* _EXERCISE PROMPT_:
Your response should contain only the lines running from the top of the data below through the line with "Roy Eldridge Little", both included. Pictures must be omitted.

Data extracted from a collection
--

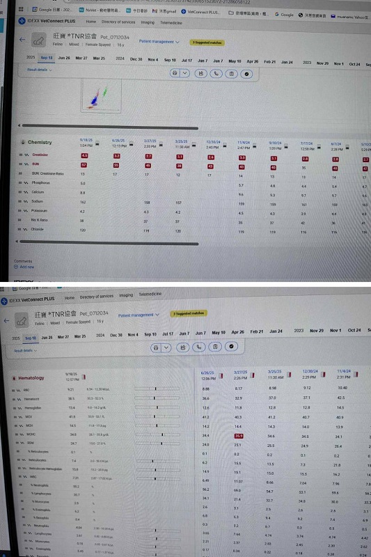 2025年3月25日的回診,腎指數一項上升、一項下降,而體重減輕較多,因平時沒有出現特別異常,用藥就先維持並留意體重是否持續下降,原本可三個月再回診,但看診後隔天晚上旺寶突然連續嘔吐還拉肚子,在詢問過醫師後當晚先幫旺寶打皮下輸液,並於2025年3月27日回診檢查,回診前的早上旺寶食慾有恢復也沒有再吐拉,胰臟炎檢查是陰性、腎指數仍高但沒有異常的升高、白血球上升但仍在正常值內、沒有發燒,依據血檢及臨床檢查,先以腸胃炎處理,再打幾天皮下輸液及制酸止吐針劑。
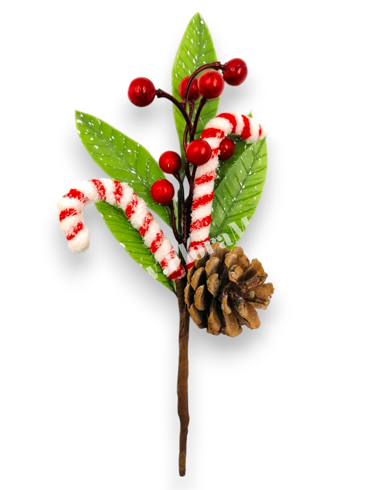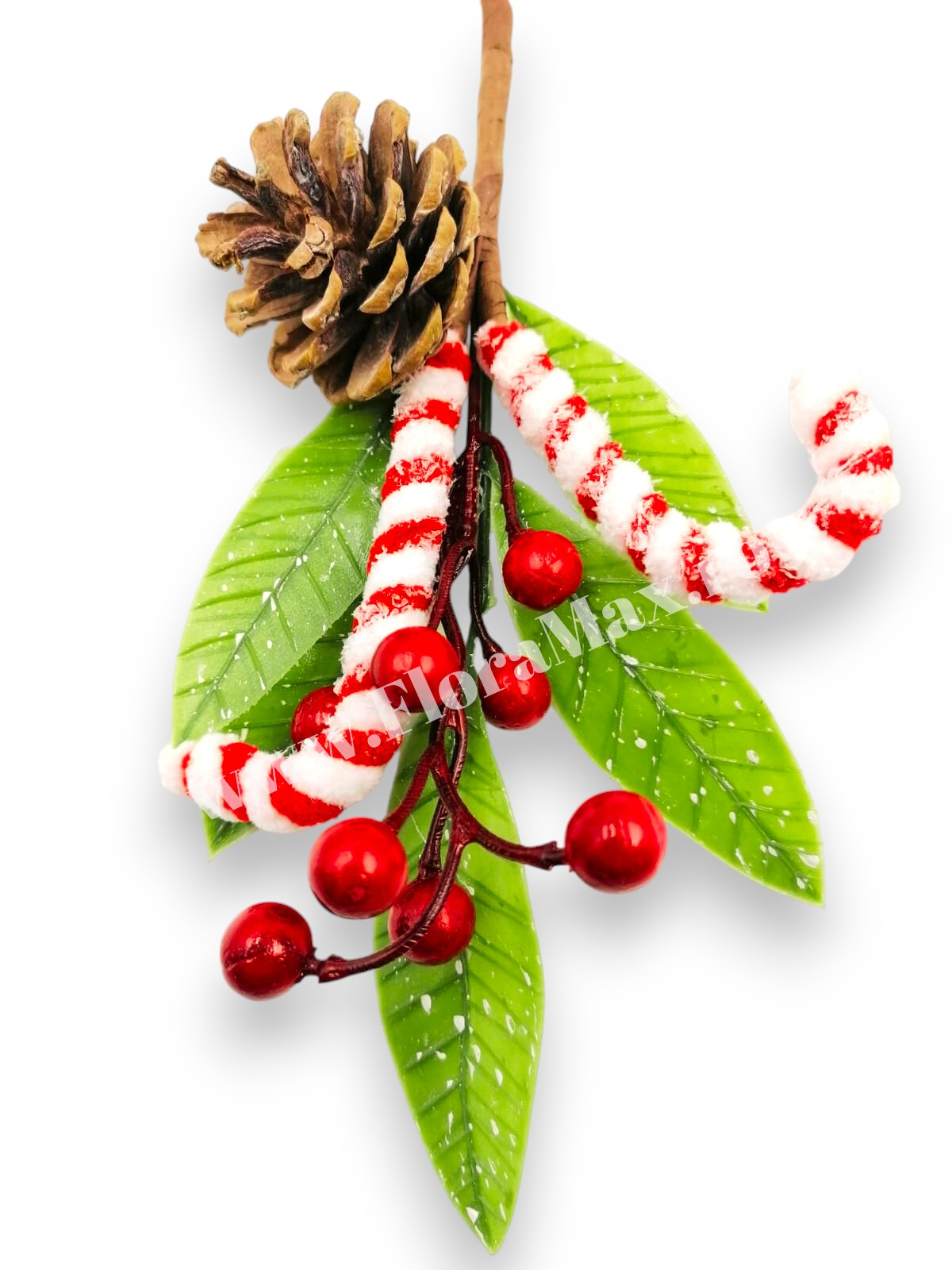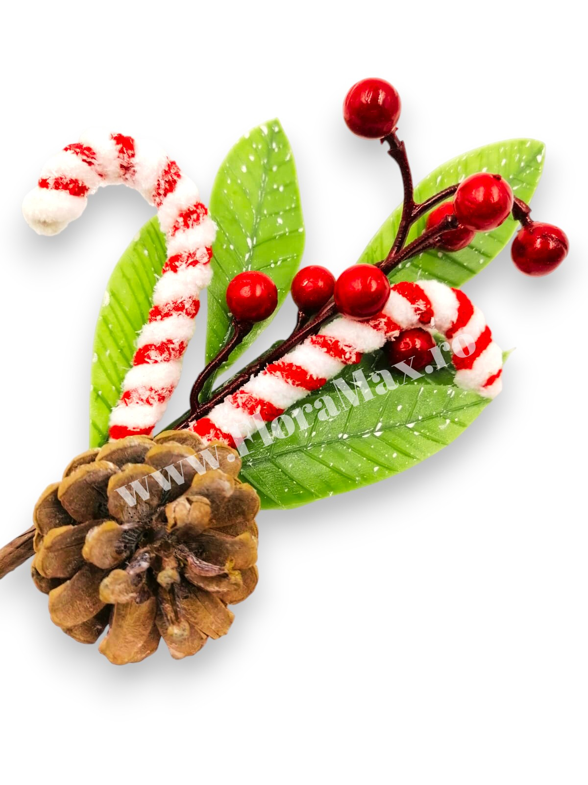 Crenguta festiva cu bastonase rosii, bile si con de brad, perfecta pentru coronite, buchete sau decoratiuni de Craciun. Adauga magie aranjamentelor tale!
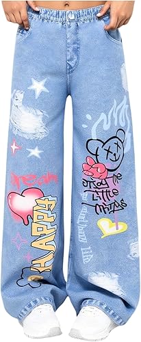 Kids Girls Baggy Jeans Print Star Summer Casual Wide Leg Denim Pants Jeans Trousers
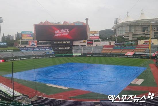 19일 오전부터 수도권 전 지역에 비가 내리기 시작했다. SSG랜더스필드에도 일찌감치 대형 방수포가 깔렸다. 오후에도 비가 계속 내리는 가운데 기상청에 따르면 늦은 저녁까지 굵은 빗방울이 내릴 것으로 예보됐다.
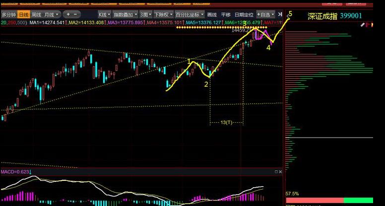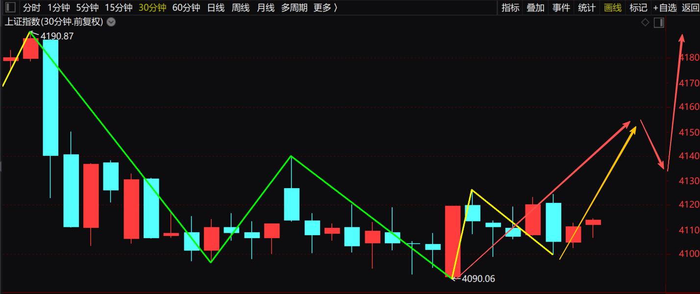 第二,从技术面分析。大盘目前已经走完了30分钟级别的“下—上—下”三笔结构,而从今天开始,正在运行的是30分钟级别的上涨第一笔。目前这一笔上涨只完成了次级别的“上—下”两笔,至少还需要再走一笔5分钟级别的上涨,之后才会进入30分钟级别的调整。如果再看深圳成指,目前它正处在某个推动浪的小4浪回调过程中。因此,本周的上半周理论上仍处于调整周期,不确定性相对较多,真正的安全期可能要到下半周才会到来。而今天的反弹,其实是以时间换空间的方式展开的,所以周三的时间窗口显得比较重要,大概率会形成一个阶段性的低点。
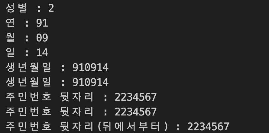 print("์ฃผ๋ฏผ๋ฒํธ ๋ท์๋ฆฌ : " + jumin[7:14])
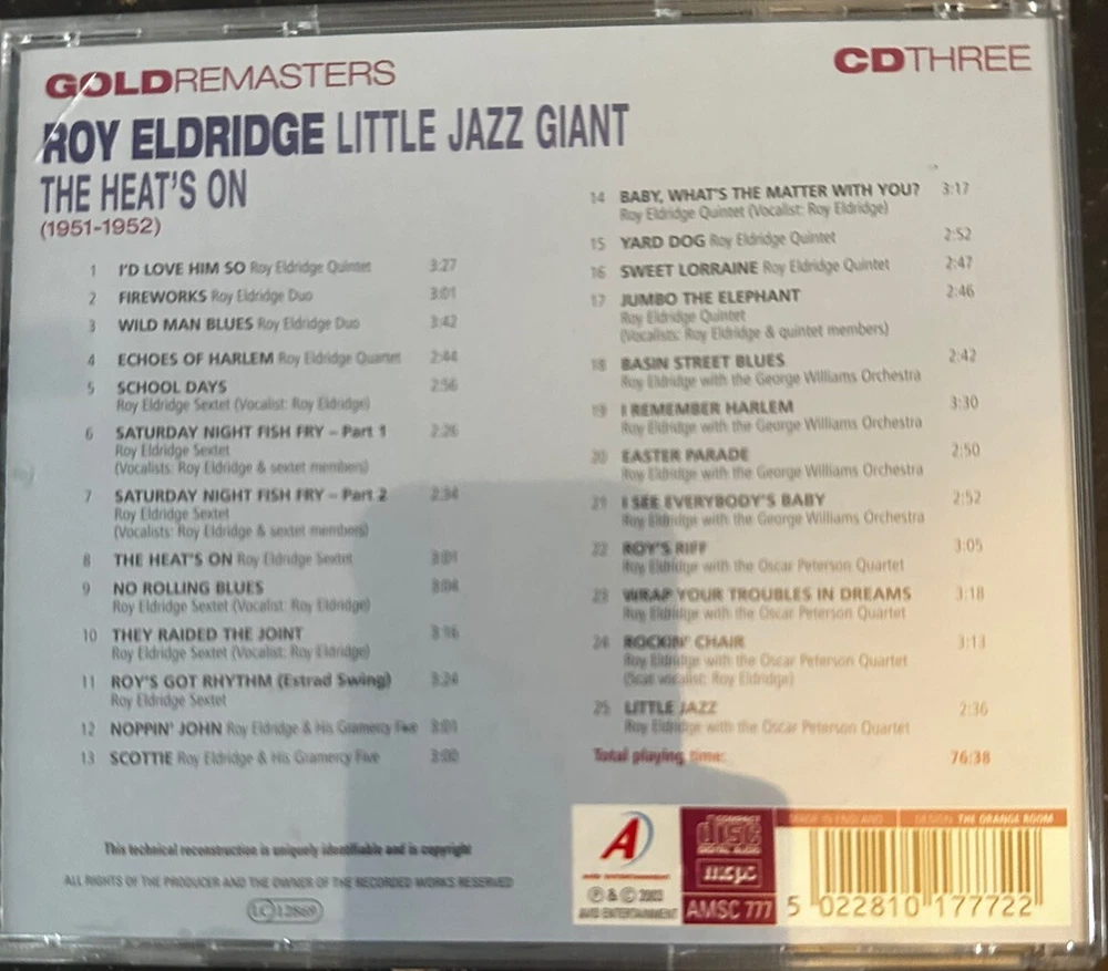 Roy Eldridge Little Jazz Giant 3CD Box Set Excellent Condition
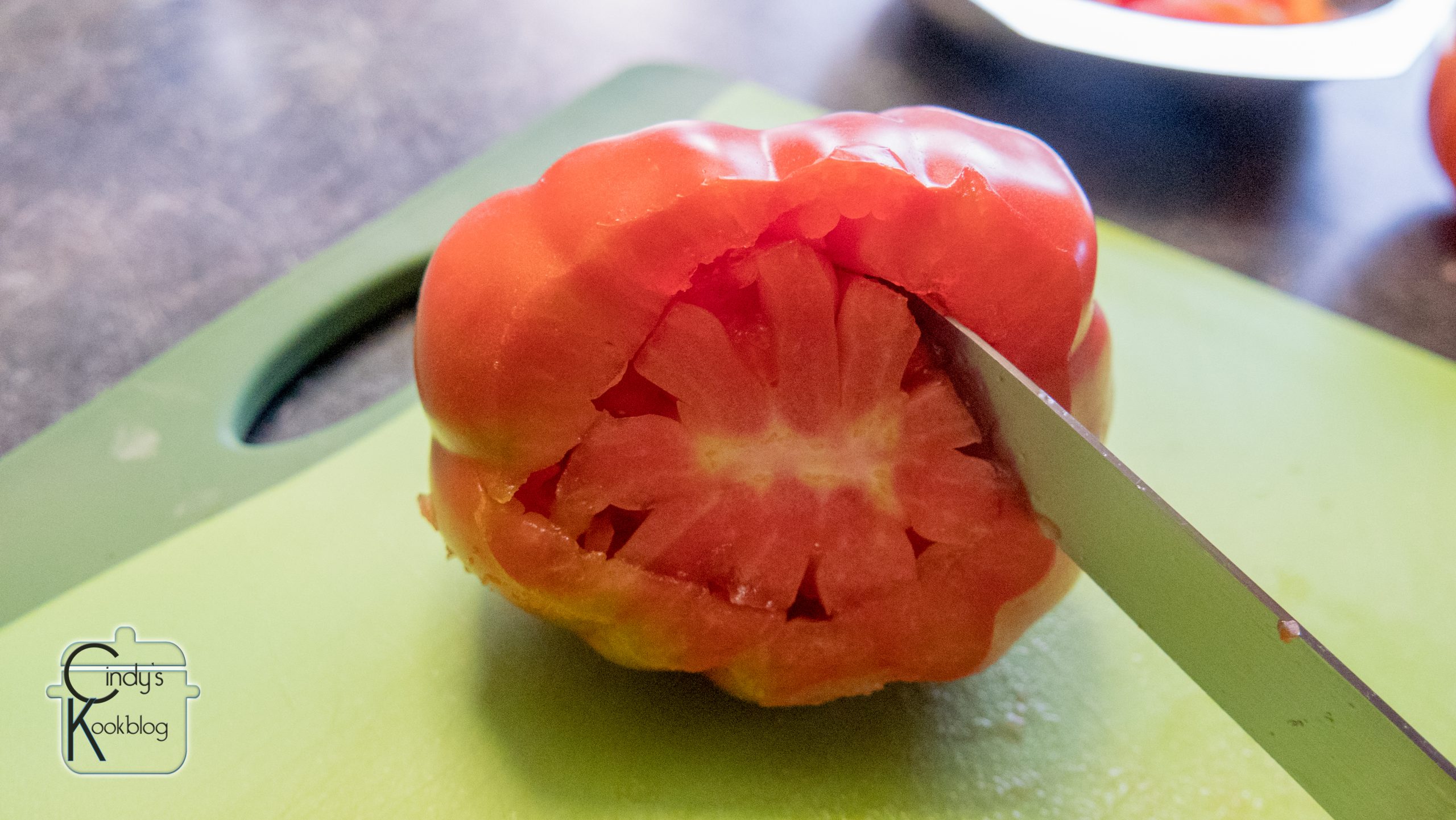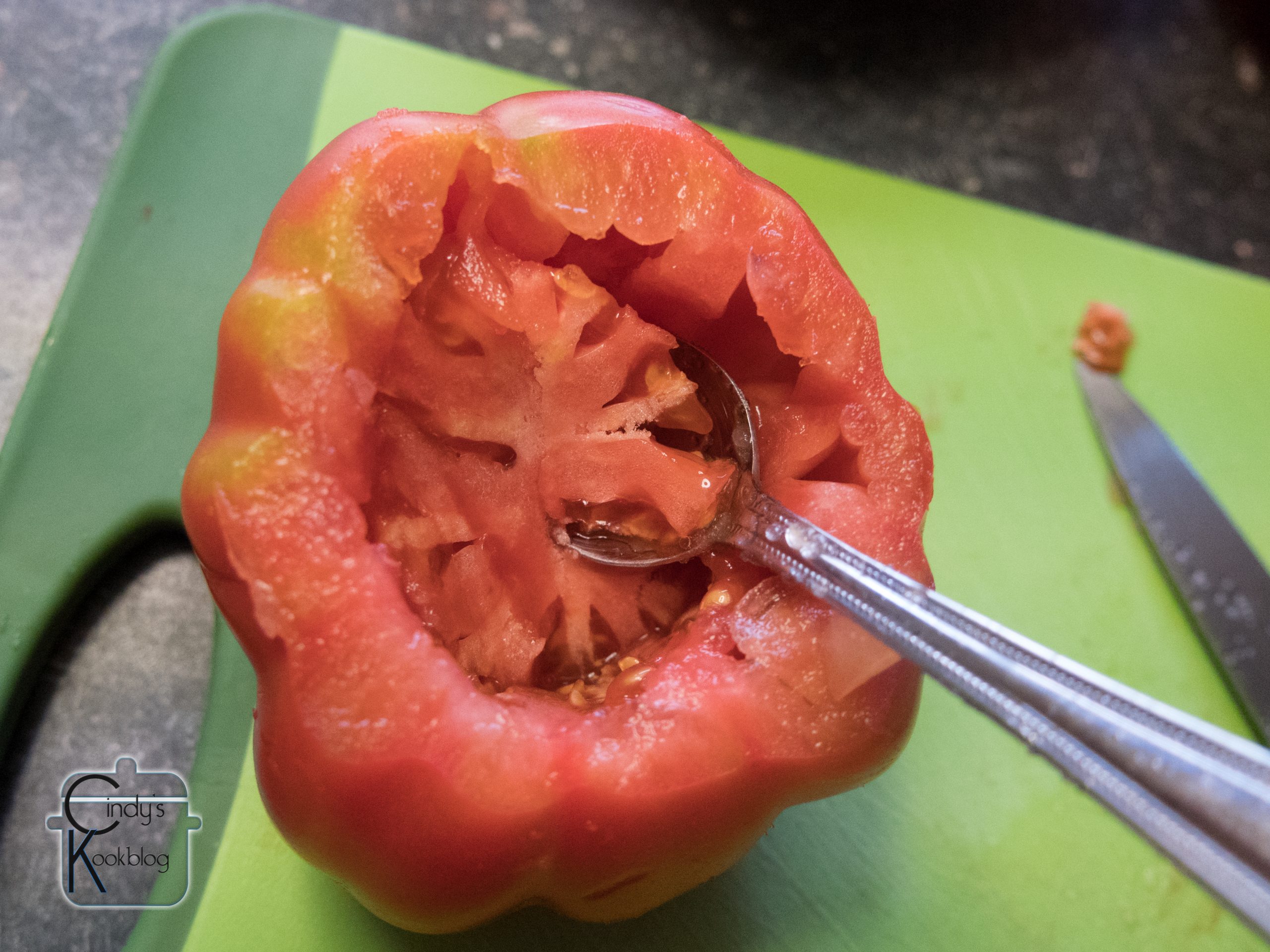 Zorg dat de meest platte kant naar onder staat, zodat de tomaat recht kan staan.

--

* _ANSWER BELOW_:
 2025年3月25日的回診,腎指數一項上升、一項下降,而體重減輕較多,因平時沒有出現特別異常,用藥就先維持並留意體重是否持續下降,原本可三個月再回診,但看診後隔天晚上旺寶突然連續嘔吐還拉肚子,在詢問過醫師後當晚先幫旺寶打皮下輸液,並於2025年3月27日回診檢查,回診前的早上旺寶食慾有恢復也沒有再吐拉,胰臟炎檢查是陰性、腎指數仍高但沒有異常的升高、白血球上升但仍在正常值內、沒有發燒,依據血檢及臨床檢查,先以腸胃炎處理,再打幾天皮下輸液及制酸止吐針劑。
 Crenguta festiva cu bastonase rosii, bile si con de brad, perfecta pentru coronite, buchete sau decoratiuni de Craciun. Adauga magie aranjamentelor tale!
 Kids Girls Baggy Jeans Print Star Summer Casual Wide Leg Denim Pants Jeans Trousers
 19일 오전부터 수도권 전 지역에 비가 내리기 시작했다. SSG랜더스필드에도 일찌감치 대형 방수포가 깔렸다. 오후에도 비가 계속 내리는 가운데 기상청에 따르면 늦은 저녁까지 굵은 빗방울이 내릴 것으로 예보됐다.
 第二,从技术面分析。大盘目前已经走完了30分钟级别的“下—上—下”三笔结构,而从今天开始,正在运行的是30分钟级别的上涨第一笔。目前这一笔上涨只完成了次级别的“上—下”两笔,至少还需要再走一笔5分钟级别的上涨,之后才会进入30分钟级别的调整。如果再看深圳成指,目前它正处在某个推动浪的小4浪回调过程中。因此,本周的上半周理论上仍处于调整周期,不确定性相对较多,真正的安全期可能要到下半周才会到来。而今天的反弹,其实是以时间换空间的方式展开的,所以周三的时间窗口显得比较重要,大概率会形成一个阶段性的低点。
 print("์ฃผ๋ฏผ๋ฒํธ ๋ท์๋ฆฌ : " + jumin[7:14])
 Roy Eldridge Little Jazz Giant 3CD Box Set Excellent Condition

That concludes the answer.